In 1947, Inukai traveled to France and held a one-man show at the Galérie de l’Elysée in Paris. He was the first American artist since the Liberation to have a show in a Paris gallery. Anne Green, writing in Town & Country remarked, “He is an excellent craftsman, and I was particularly impressed by his nudes.” A reviewer for the French journal Combat remarked in May 1947 that he had not “affirmed his [individual] personality in the face of the numerous fads that threaten every contemporary artist; but certain [aspects] of his paintings raise hopes that he will do so one day.”

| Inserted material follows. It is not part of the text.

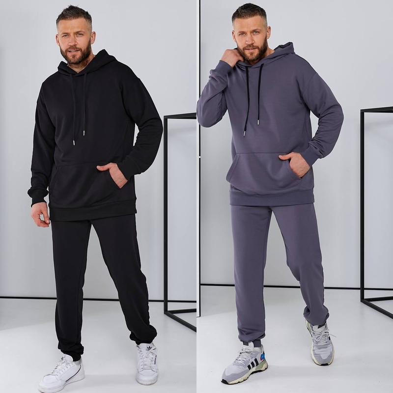Костюм чоловічий Мод.0381 Тканина: тринитка петля, Туреччина (95% бавовна, 5% еластан) Тканина не кашлатиться та не линяє Розмір: S, M, L, XL, 2XL, 3XL Колір: графіт, чорний Ціна: 1350 грн Костюм спортивний: кофта вільного крою, плечовий шов приспущений, з кишенею кенгуру, подвійний капюшон, рукава на манжетах з рібани. Штани на резинці, середня посадка, з кишенями, внизу манжет з рібани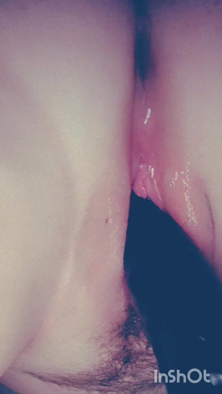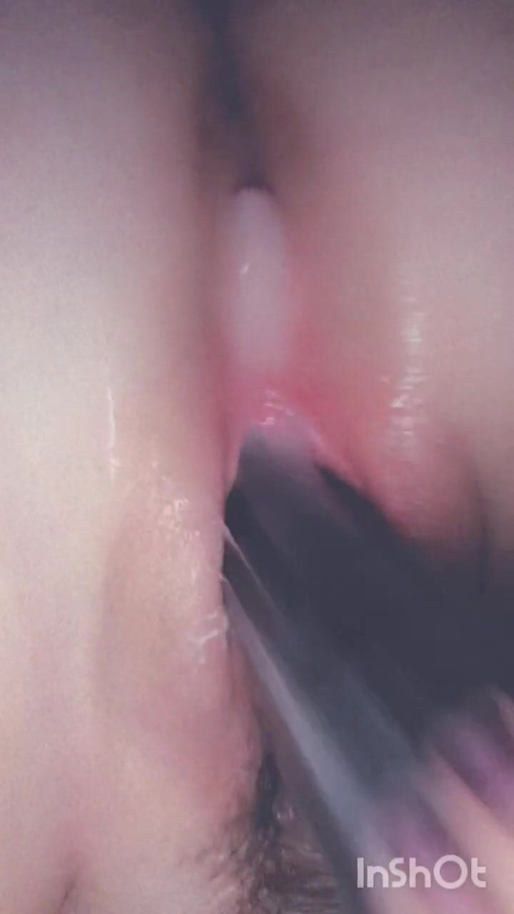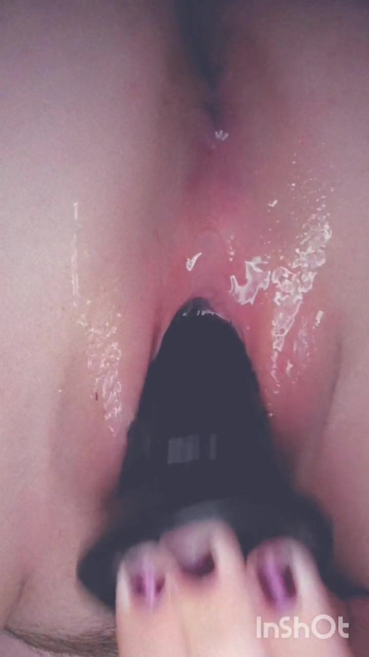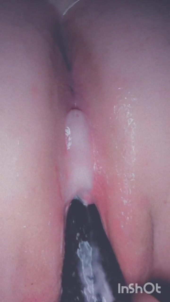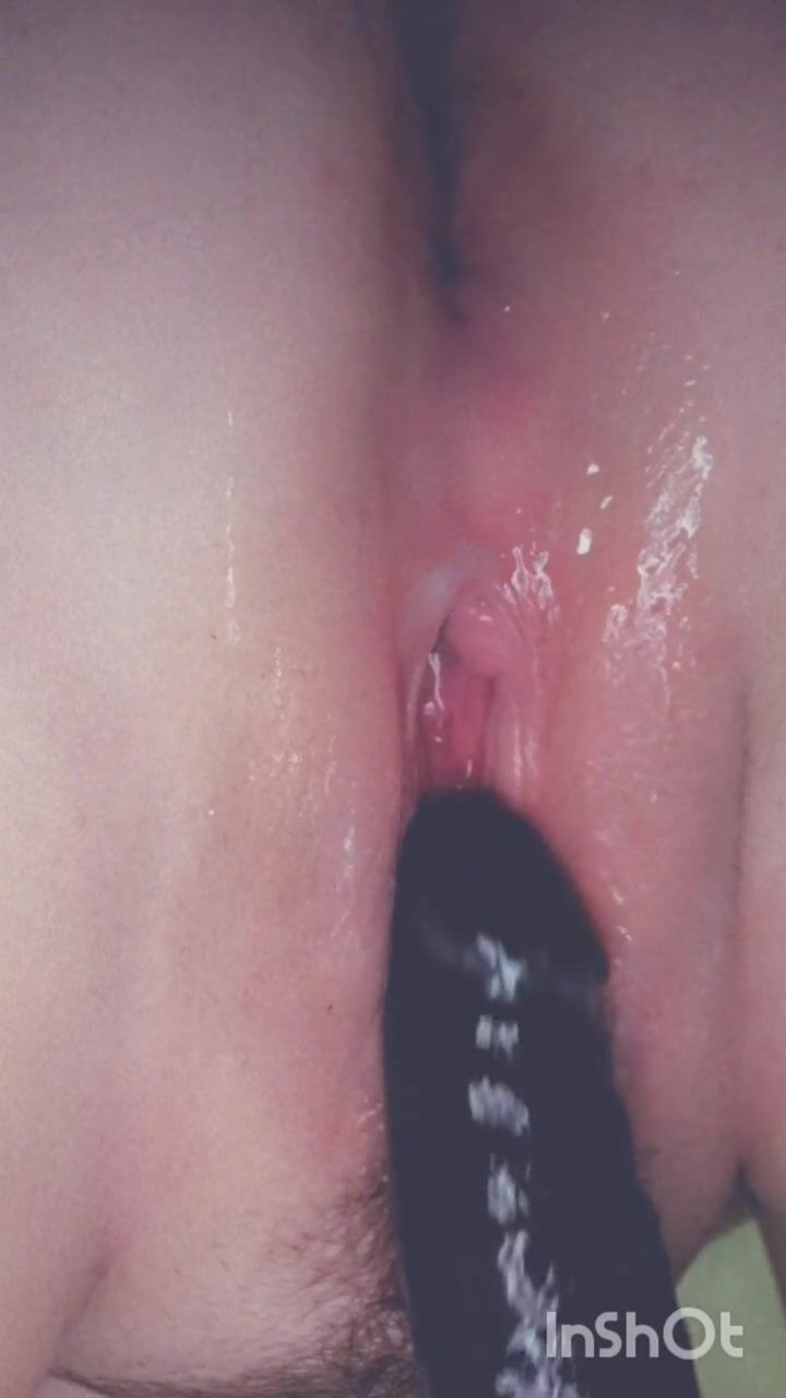 Fucking my soaking pussy with black dildo

In the years that followed, Inukai went on to write and illustrate a series of popular children’s books, concentrating on animals like his brother Girard. It is an open question whether Inukai’s mixed ancestry affected his stories, as many of which involve individuals dealing with being different. For instance, his book The Peevish Penguin (1955) tells the story of a penguin who is disturbed that he cannot fly, and tries to think up alternate plans. The Last Camel (1968) tells the story of a grumpy dromedary with a poor sense of direction. Among his most creative and whimsical stories was The Owl Who Hated the Dark (1969).

While he continuously published children’s books under the name Earle Goodnow, after his father’s death (whose name he shared), the artist started producing work under his given name of Kyōhei  Inukai. Using his birth name, the artist participated in shows in the White House Rotating Exhibition, the U.S. Embassy in Tel Aviv, and the USIA Print Exhibition at the 1970 Osaka World’s Fair in Japan. In 1967, he had a show at the Goodenow Gallery (presumably family-run) in New York. In 1970, he had a solo painting and sculpture show at the Spectrum Gallery in Manhattan’s Soho district. Ten years later he put on a second solo show at the Suzuki Gallery.

Inukai worked in a variety of styles, from abstract expressionism to constructivism, and was known for his use of bright colors. Inukai also became known for his abstract sculptures, especially in aluminum and steel. Inukai’s painting is included in such collections as those of the Albright-Knox Museum, Buffalo; the Portland Museum of Fine Art, Oregon; the Rose Art Museum, Waltham, Massachusetts; and the Wichita University Museum of Fine Art. His sculptures can be found in such places as Knoxville, Tennessee; the Monmouth Mall in Eatontown, NJ; and Riverside Mall in Chicago. Earle Goodenow/Kyōhei Inukai died in February 1985, shortly before the centenary of his father and namesake.